◆ DATA EXCERPT ◆
- - -
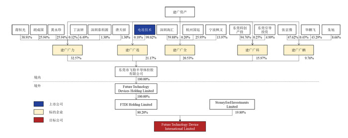 据界面《硬科技头条》本年2月报说念,2021年12月,包括电连时候、华鹏飞等上市公司在内的中资财团,通过东莞飞特开荒的全资孙公司FTDIHL收购英国USB桥接芯片公司FTDI(FutureTechnologyDevicesInternational)80.2%股权,交游金额约4.14亿好意思元;其余19.8%股权仍由创举东说念主团队捏有,并络续主导公司磋商。
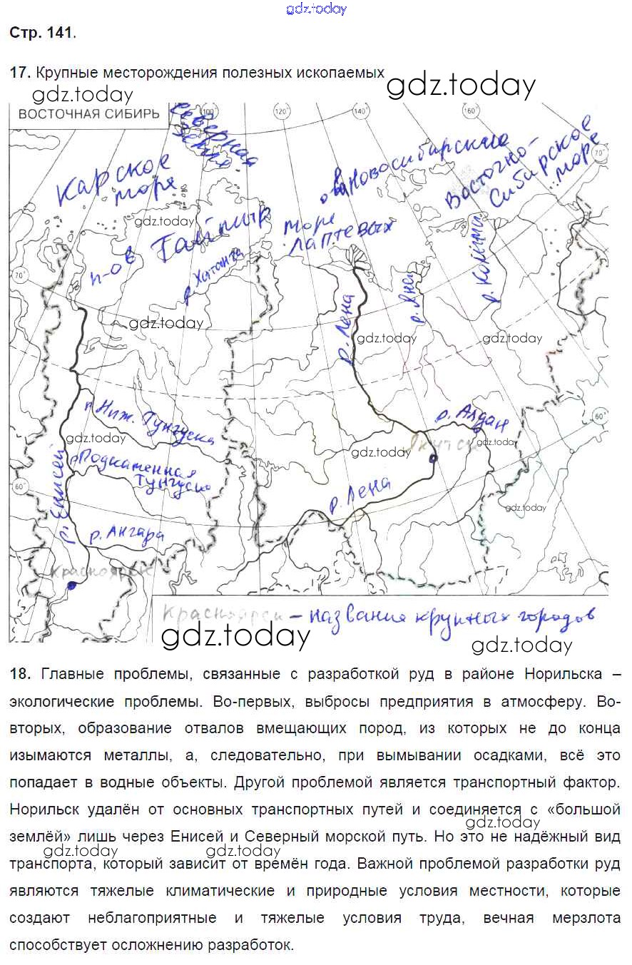 Ответы к Страницы (решение) 141 Рабочей тетради по Географии для 9 класса Баринова, Дронов Дрофа Вертикаль 2016
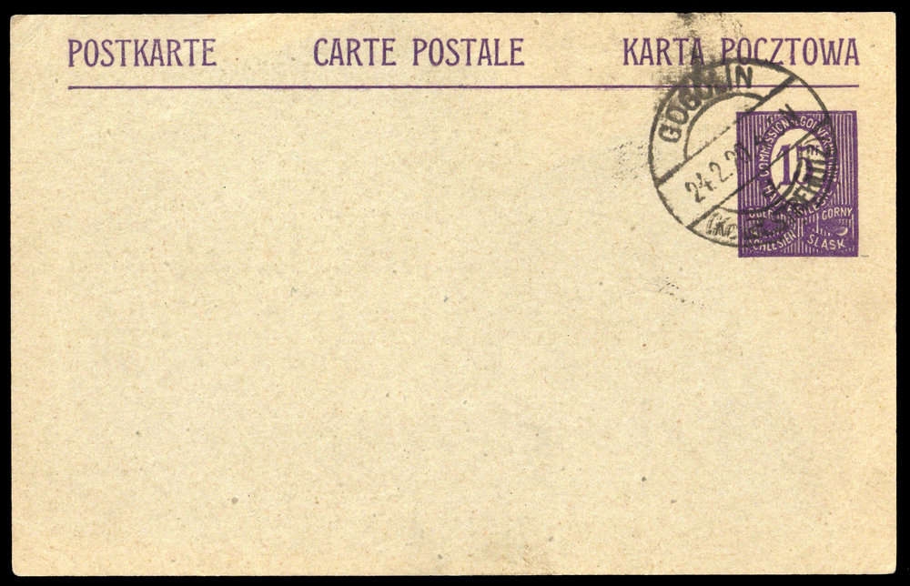 1920, 15 Pfg. Ziffer, Ganzsache, mit Stpl. "GOGOLIN 24.2.20", leichte Randspuren, Stempel unsauber.
- - -
◆ ASSIGNED TASK ◆
Return all the data exactly, pictures omitted.

◆ OUTPUT OF THE EXERCISE ◆
 据界面《硬科技头条》本年2月报说念,2021年12月,包括电连时候、华鹏飞等上市公司在内的中资财团,通过东莞飞特开荒的全资孙公司FTDIHL收购英国USB桥接芯片公司FTDI(FutureTechnologyDevicesInternational)80.2%股权,交游金额约4.14亿好意思元;其余19.8%股权仍由创举东说念主团队捏有,并络续主导公司磋商。
 Ответы к Страницы (решение) 141 Рабочей тетради по Географии для 9 класса Баринова, Дронов Дрофа Вертикаль 2016
 1920, 15 Pfg. Ziffer, Ganzsache, mit Stpl. "GOGOLIN 24.2.20", leichte Randspuren, Stempel unsauber.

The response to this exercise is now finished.